RECORDS FOR THE TASK =>
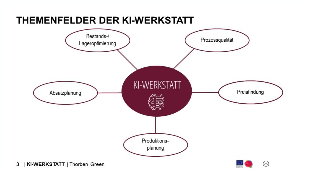 Die KI-Werkstatt an mit verschiedenen Unternehmen aus verschiedenen Branchen zusammengearbeitet. Aus diesen Kooperationen haben sich fünf Themenfelder herauskristallisiert.
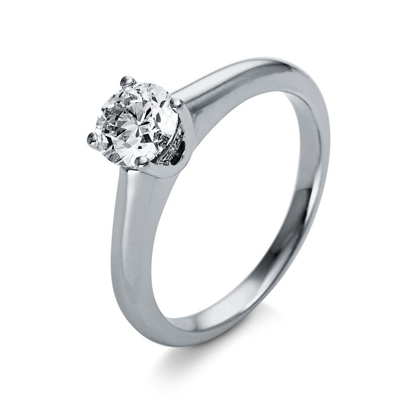 ring 18 kt WG+P950, 1 diamond 0,70 ct, G-si, 4 diamonds 0,05 ct, G-si, h:5,9 mm, w:5,9 mm, width:55
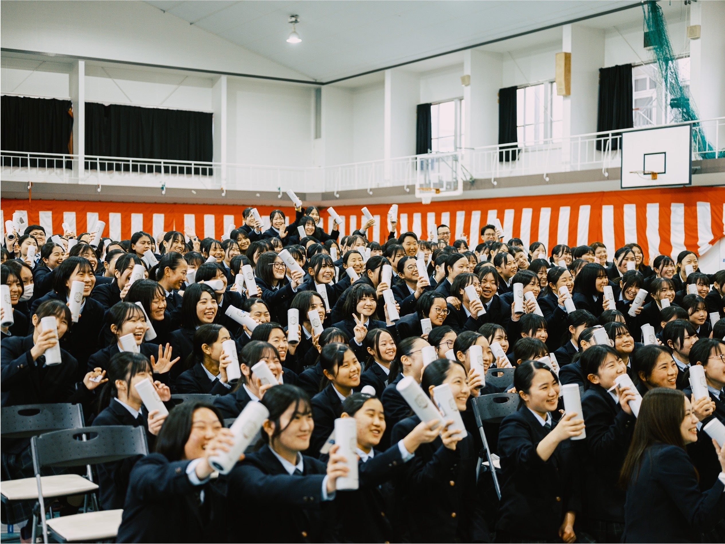 玉名女子高等学校の皆様、この度はご卒業おめでとうございます。本日のボトル贈呈式までの準備をする中で、ご応募いただいた先生方から生徒の皆様への多くの温もりある愛情に触れさせていただきました。これからの新生活、卒業生と先生お揃いのこのボトルを使うことで、大切な思い出とともに一歩進むきっかけになれば幸いです。
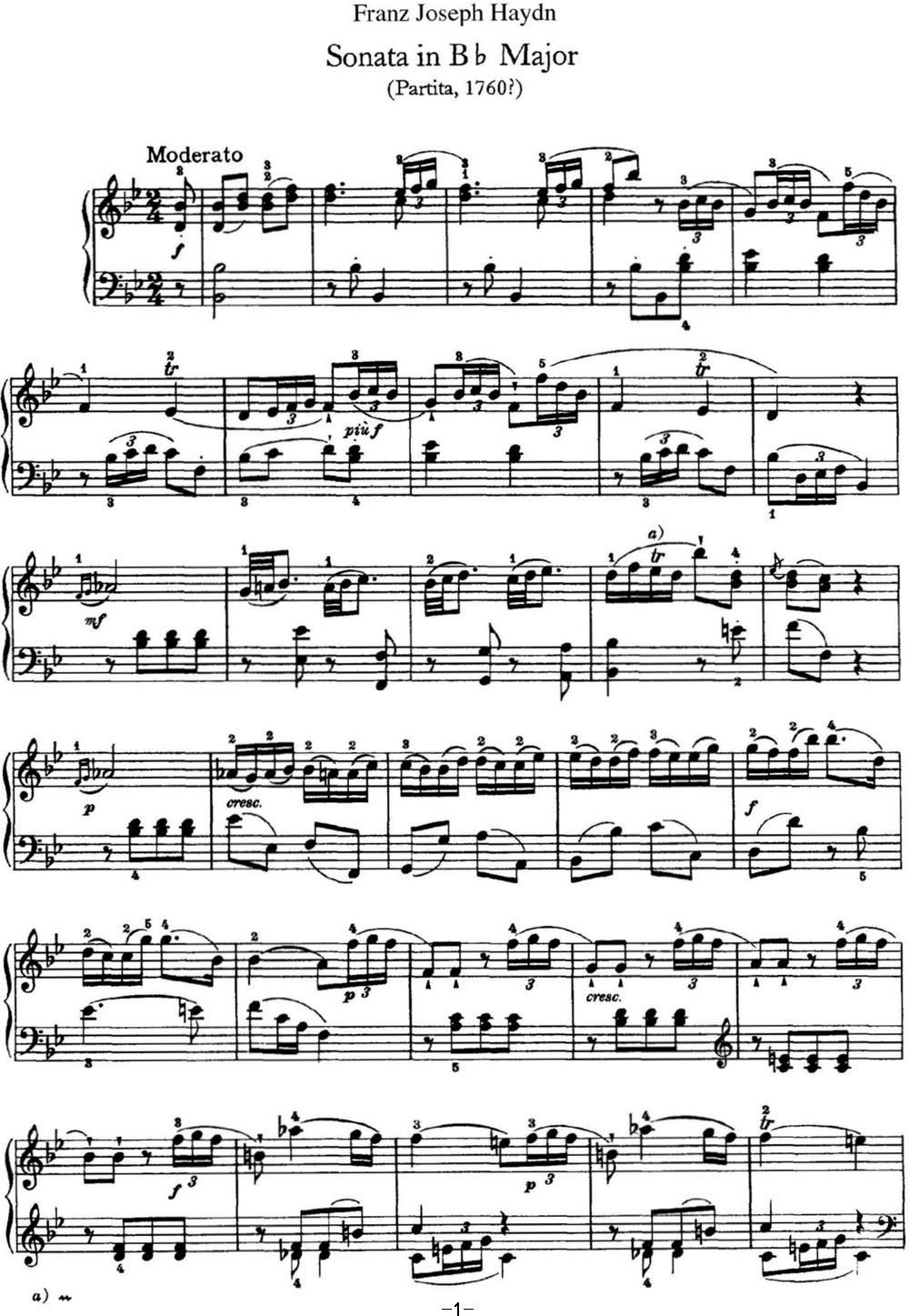 > 海顿 钢琴奏鸣曲 Hob XVI 2 Partita B flat major
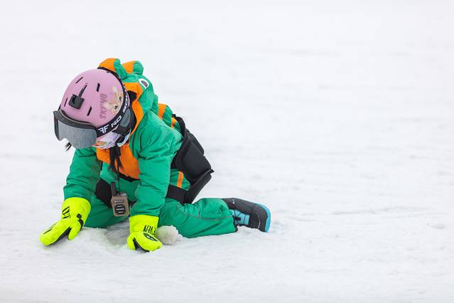 即便摔倒了也要站起来,一次不行就两次,两次不行就三次,在不断地摔倒后,依旧有重新开始的勇气,这就是冰雪运动那独特的魅力吧!
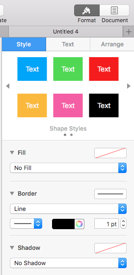Format Panel > Style > Fill > No Fill and Border > Line 1pt.

WHAT YOU HAVE TO DO => Your reply should hold every line above exactly as written and none of the pictures.

SOLUTION BELOW =>
 Die KI-Werkstatt an mit verschiedenen Unternehmen aus verschiedenen Branchen zusammengearbeitet. Aus diesen Kooperationen haben sich fünf Themenfelder herauskristallisiert.
 ring 18 kt WG+P950, 1 diamond 0,70 ct, G-si, 4 diamonds 0,05 ct, G-si, h:5,9 mm, w:5,9 mm, width:55
 玉名女子高等学校の皆様、この度はご卒業おめでとうございます。本日のボトル贈呈式までの準備をする中で、ご応募いただいた先生方から生徒の皆様への多くの温もりある愛情に触れさせていただきました。これからの新生活、卒業生と先生お揃いのこのボトルを使うことで、大切な思い出とともに一歩進むきっかけになれば幸いです。
 > 海顿 钢琴奏鸣曲 Hob XVI 2 Partita B flat major
 即便摔倒了也要站起来,一次不行就两次,两次不行就三次,在不断地摔倒后,依旧有重新开始的勇气,这就是冰雪运动那独特的魅力吧!
Format Panel > Style > Fill > No Fill and Border > Line 1pt.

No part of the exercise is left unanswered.